OK, I get the WSJ delivered at home. (Don’t judge me. It was free.)
My take on the article–it has an agenda. It’s promoting oversea (primarily for-profit) medical schools as viable alternative to US schools.
It mentions only the pluses and none of negatives.
Re #5. That 85% match for Ross, St Georges, AUC is extremely misleading. It doesn’t considered that 35+% of students drop out rate before they get to point of applying to Match.
I had a problem with #5 too. I agree I felt the article was promoting high priced overseas medical schools. Still wouldn’t send a child to the Caribbean for med school. I know a lot of friends who have done that but I wouldn’t consider it.
Another reason NOT to go for Caribbean school. According to CBS news, the Bronx hospital shooting suspect (Dr. Bello) was a Ross graduate having a hard time to get licensed, had to work as pharm tech and NYC case worker.
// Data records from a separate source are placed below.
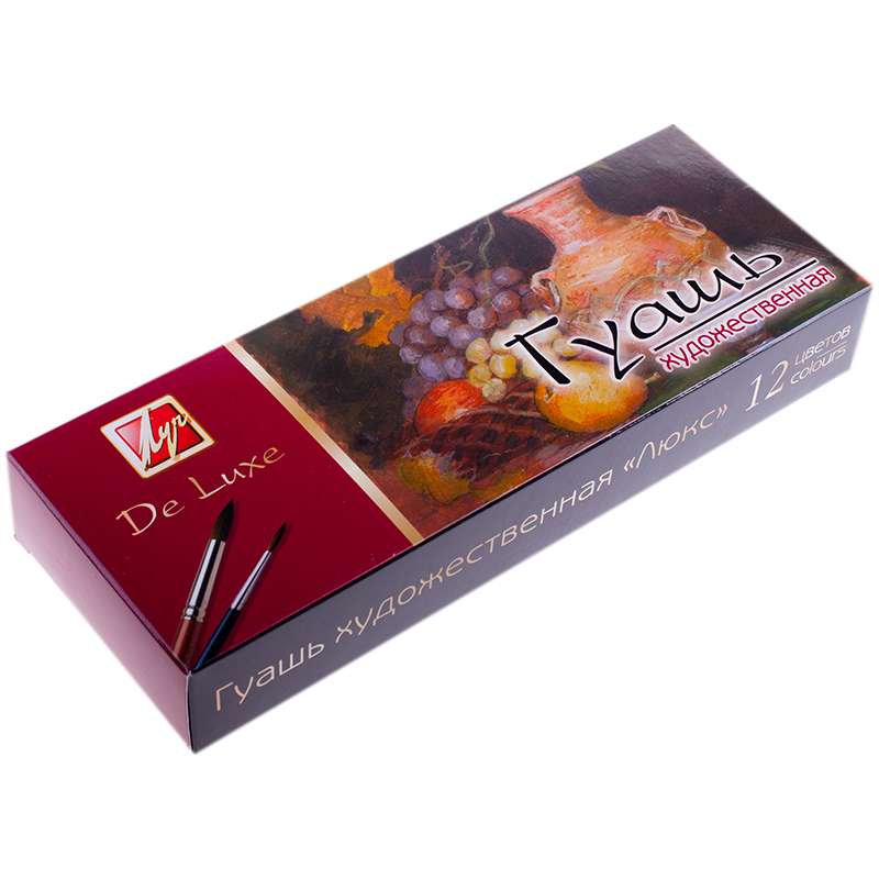 Краски гуашевые художественные "Люкс" изготовлены на основе растительного клея-гуммиарабика и пигментов высокого класса. Гуашь разлита в пластмассовые баночки объёмом 20 мл с завинчивающейся крышкой, содержащей яркую наклейку с обозначением цвета краски. Краски упакованы в цветную картонную коробку.Гуашь Луч "Люкс", 12 цветов, 20мл, картон
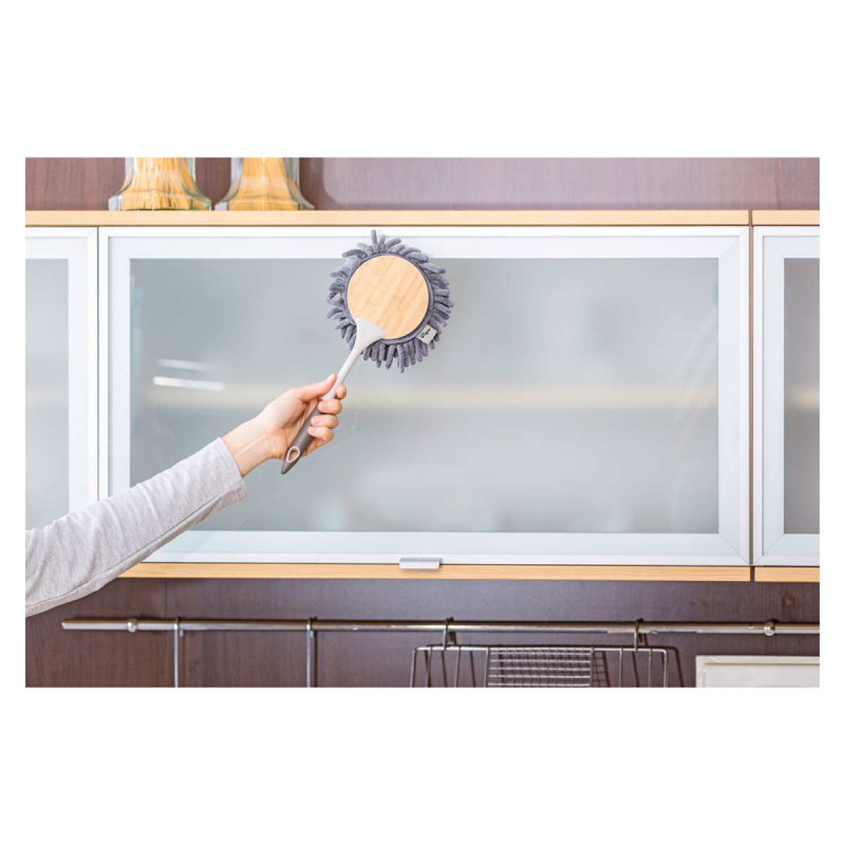 Pölyhuiska bambukahvalla. Huiska on mikrokuitua ja se voidaan irrottaa ja pestä koneessa 30°C:ssa.
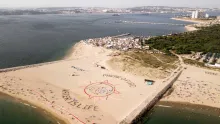 Rund 800 Menschen protestierten am Strand Cabo de Vapor bei Lissabon in einer kreativen Aktion gegen die geplanten Öl- und Gasbohrungen und Fracking und stellten gleichzeitig Alternativen für eine regenerative, erdölfreie Zukunft vor.
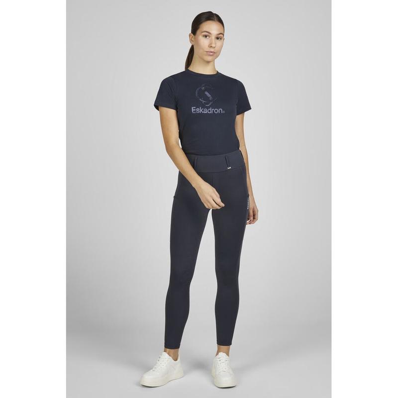 Legginsy z Kolekcji Eskadron Classic Sports 2025 - wykonane z nowej, elastycznej, rozciągliwej tkaniny. Legginsy posiadają dwie kieszenie na telefon. Modelujący pas zapewnia duży komfort podczas jazdy.
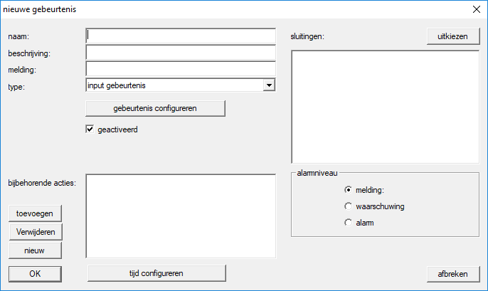 - Het venster input gebeurtenis gaat open.
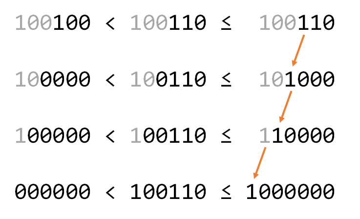 的和再相加。这三个区间怎么来的呢?其实就是不断地去掉二进制数最右边的一个1的过程(如下图)。
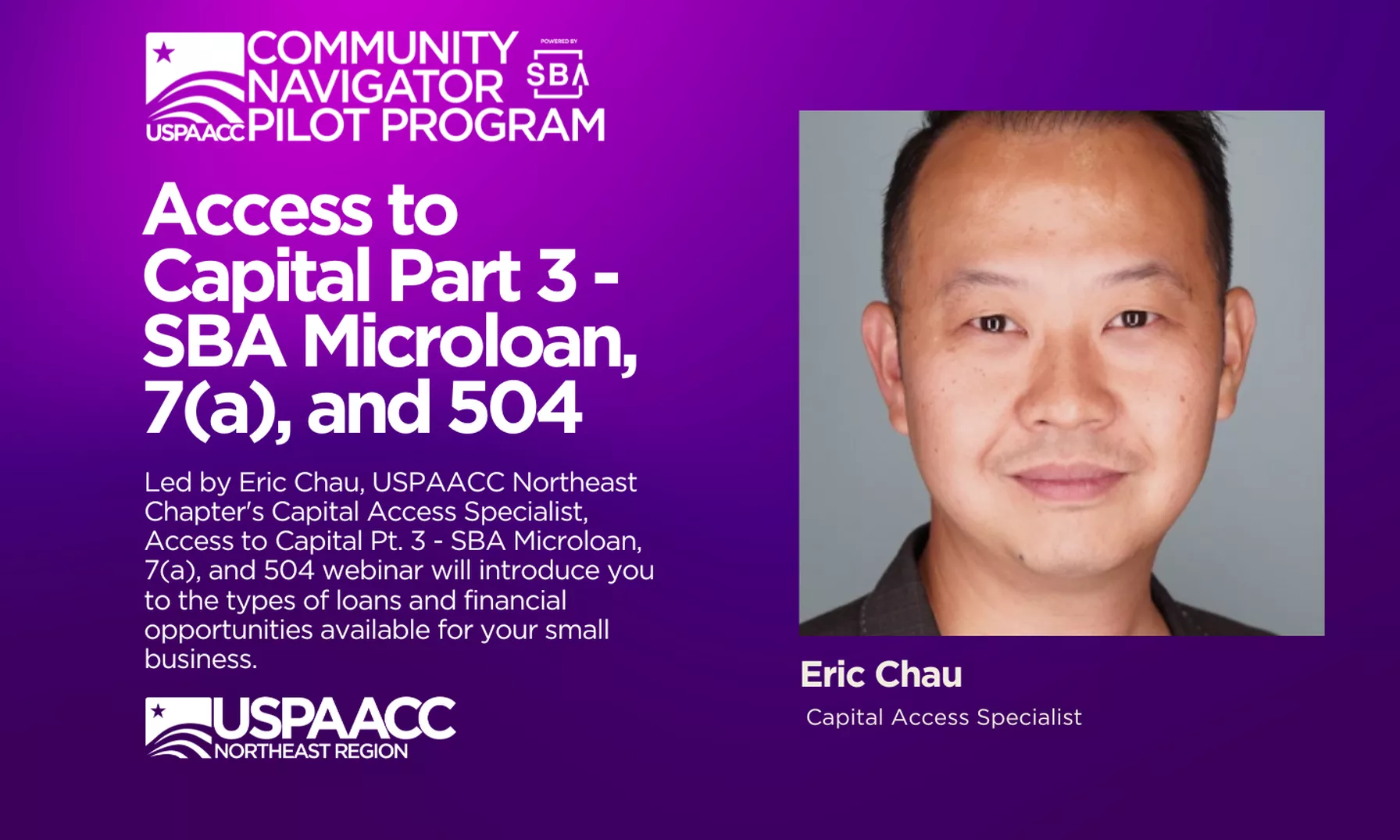 Led by Eric Chau, USPAACCNortheast Chapter’s Capital Access Specialist, Access to Capital Pt. 3 — SBA Microloan, 7(a), and 504 webinar will introduce you to the types of loans and financial opportunities available for your small business.
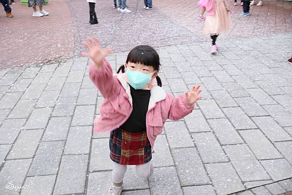不僅阿母很嗨~小妞也嗨到不行,在旁邊跑來跑去接抓雪踩雪說要摸雪 哈
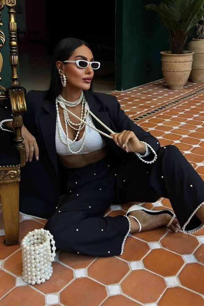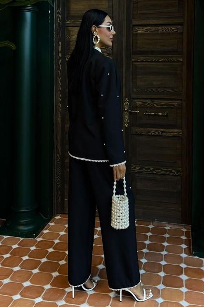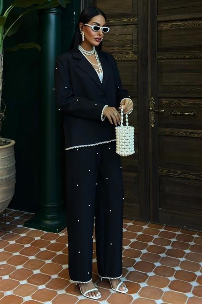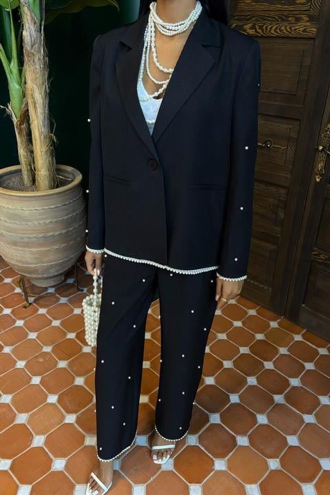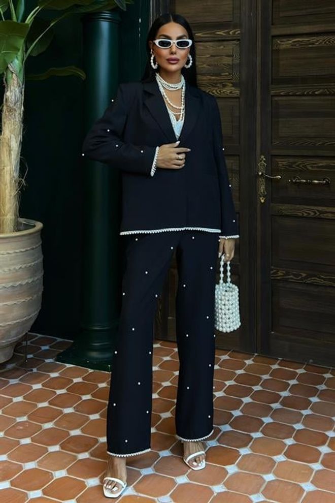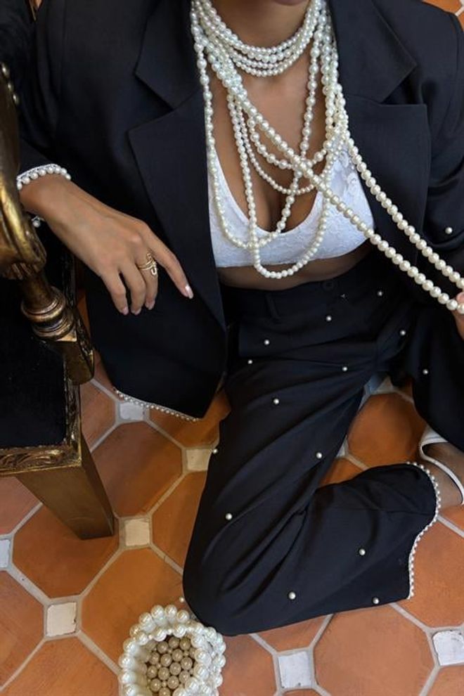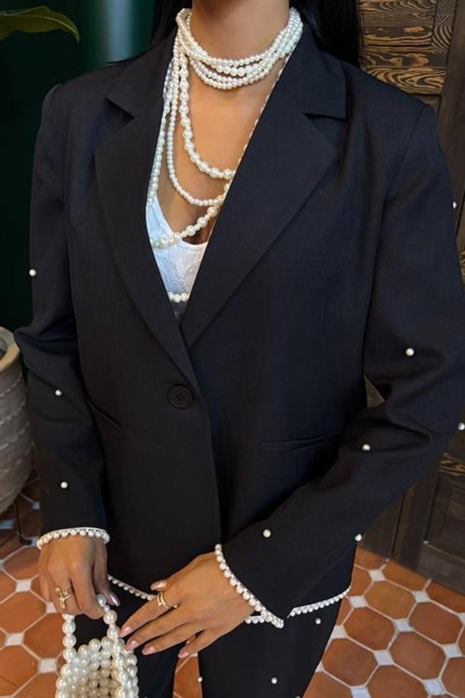 Este fato de linho preto é a escolha perfeita para se destacar. Com detalhes em pérolas, este fato não só oferece um toque sofisticado ao seu visual, mas também é feito com um material leve e respirável para garantir conforto durante todo o dia. Com certeza é um ótimo investimento para seu guarda-roupa.
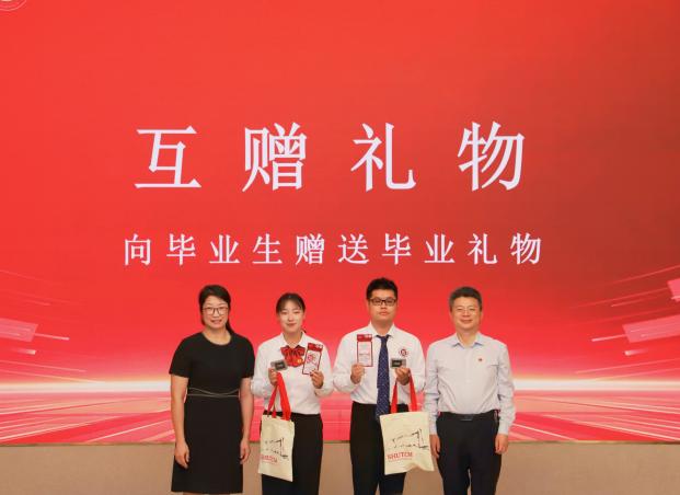随后,女同av 党委书记车荣华、院长张彤将象征启航、美好与幸福的礼物赠予毕业生,祝愿每一位毕业生带着学校、女同av 的印记,自信从容地走向未来。同时,学生代表也向女同av 献上了承载着感激与祝福的礼物——一幅画有毕业生们以及女同av 领导老师专属卡通形象的画作。这份礼物传递着情感,温暖着心灵,见证了师生间的深厚情谊与难忘时刻,表达了毕业生们的心永远和女同av 在一起的美好心愿。
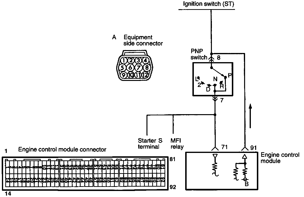- The battery voltage in the engine control module is applied through a resistor to the park/neutral position switch. When the selector lever is set to the P/N range, continuity is produced between the park/neutral position switch terminal of the engine control module and ground through the starter motor, thereby making the terminal voltage go low.
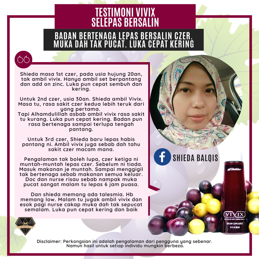 Testimoni Vivix Bantu Tambah Tenaga Dan Sembuhkan Luka Bersalin Dengan Cepat Eina Md Ali Pengedar Shaklee Kedai Nutrisi Usj Subang Jaya
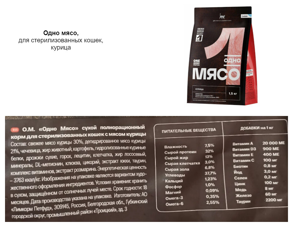 Корма для кошек Одно мясо производятся в России в Белгородской области на заводе АО «Лимкорм Петфуд». Официальный сайт — https://onemeat-pet.ru/, на нем есть вся важная информация о всей линейке кормов (составы, нормы кормления, описание ингредиентов и т.п.). Данный корм относится к супер премиум классу.
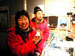 24時を回ってから、 オーロラはどんどん調子が 上がってきた。 記念写真屋さんも天手古舞だ。 うちも記念に1枚Get!→ しかしね、「10秒間止まってて!」 と言われてもね〜。(^^; |
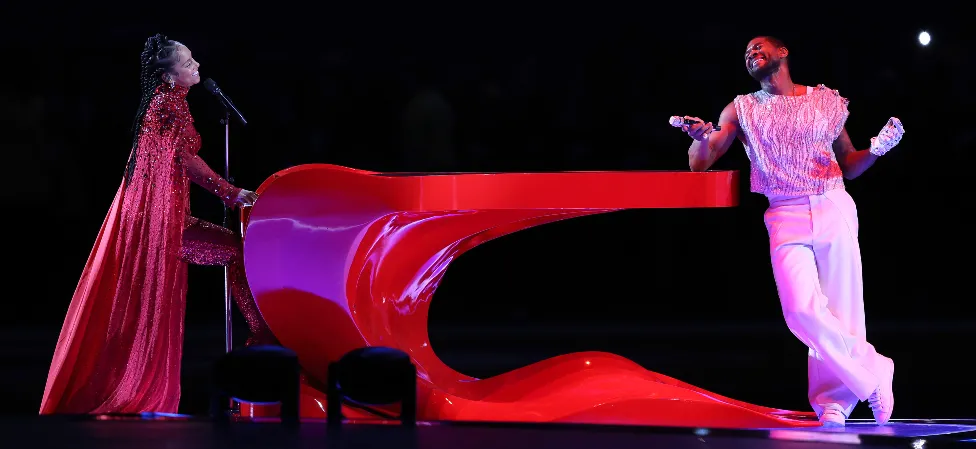 Once Usher was a few songs deep and well into his groove, he took a back seat as his first guest, Alicia Keys, appeared behind a bright red piano wearing a matching sparkly red outfit, launching into one of her own biggest hits If I Ain't Got You.
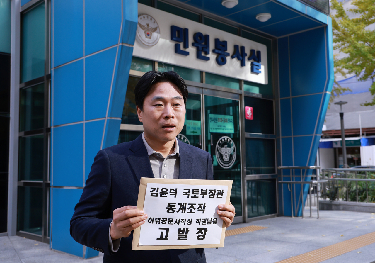 | 이종배 서울시의원이 9일 서울 종로구 서울경찰청 앞에서 김윤덕 국토교통부 장관이 10·15 대책을 발표하며 9월 부동산 통계를 의도적으로 배제했다는 의혹을 주장하며 고발장을 제출하기 앞서 입장을 밝히던 모습. <연합> |
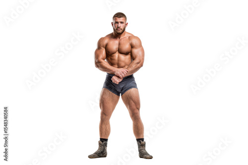 © Bojan, Fototapeta premium Wrestling Player Poses Confidently in Athletic Stance on a White Background
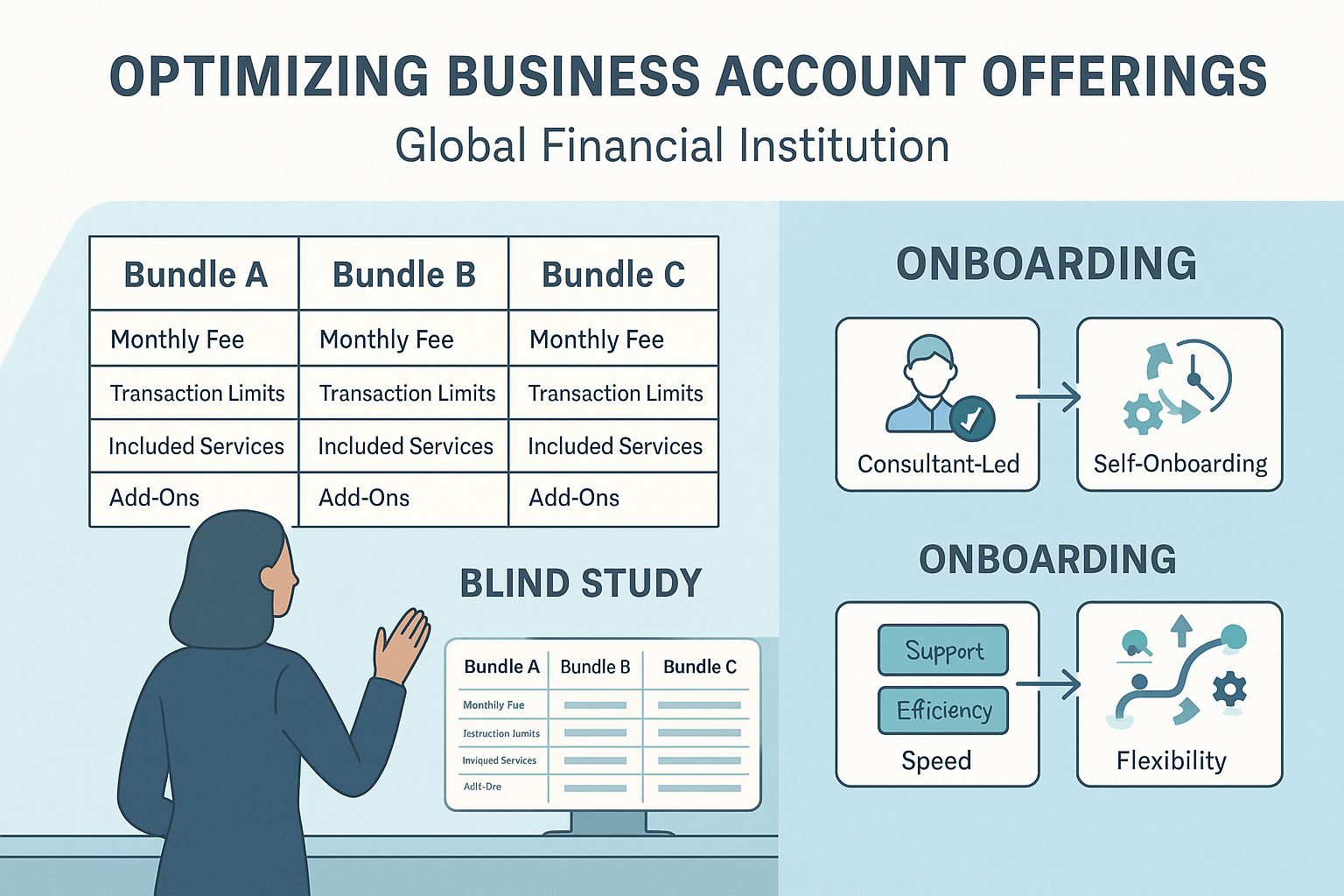 The client wanted to understand how corporate customers evaluate different business banking product bundles and whether onboarding style impacts their institution choice. The study compared bundles from three major financial institutions (blinded) and tested two onboarding approaches: traditional consultant-led setup and self-implementation.
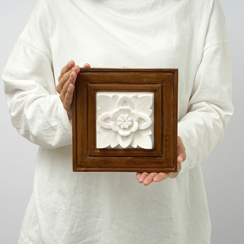 バリ島のリゾートホテルのインテリアのようにお部屋の壁を飾る立体的なアジアン彫刻。バリ島の人気アジアン雑貨 木製フレーム付きフラワーモチーフのストーンレリーフ 壁掛け アート おしゃれ かわいい アジアン雑貨 アジア雑貨 インテリア ウォールデコレーション オブジェ タイル 壁飾り 置物 花 ハワイアン雑貨 バリ雑貨 モダンアート モダン インテリアアート [11428]
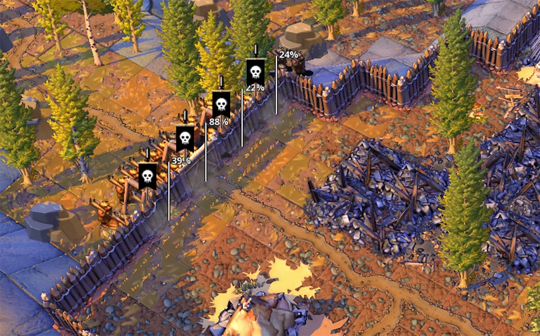 I've also added to the "movement cost" display layer the ability to test and display paths, which will give you as a player an idea of what the default path between 2 points in your fortifications would be, helping you design and test your defenses.

According to New York State Education Department records, Bello graduated from Ross University and had a limited permit to practice as an international medical graduate to gain experience in order to be licensed. The permit was issued on July 1, 2014, and expired last year on the same day. Family medicine doctors handle more routine cases, such as coughs and sprained ankles.
Bello also worked as a pharmacy technician at Metropolitan hospital in Manhattan because he was having a hard time getting licensed as a physician, but quit the job in 2012 and filed for unemployment, according to the lawyer who represented him on appeal in 2014. He lost his case. One former colleague at Metropolitan said he would frequently argue with nurses and bristled at being told what to do, but his attorney in the unemployment action said that’s not the man he knew.
Are federal student loans taken out by students attending these foreign MD programs eligible for the government’s student loan repayment plans? For those that “strike out” in landing a residency spot or are underemployed, can’t they just enroll in IBR, etc. and stick it to the taxpayer?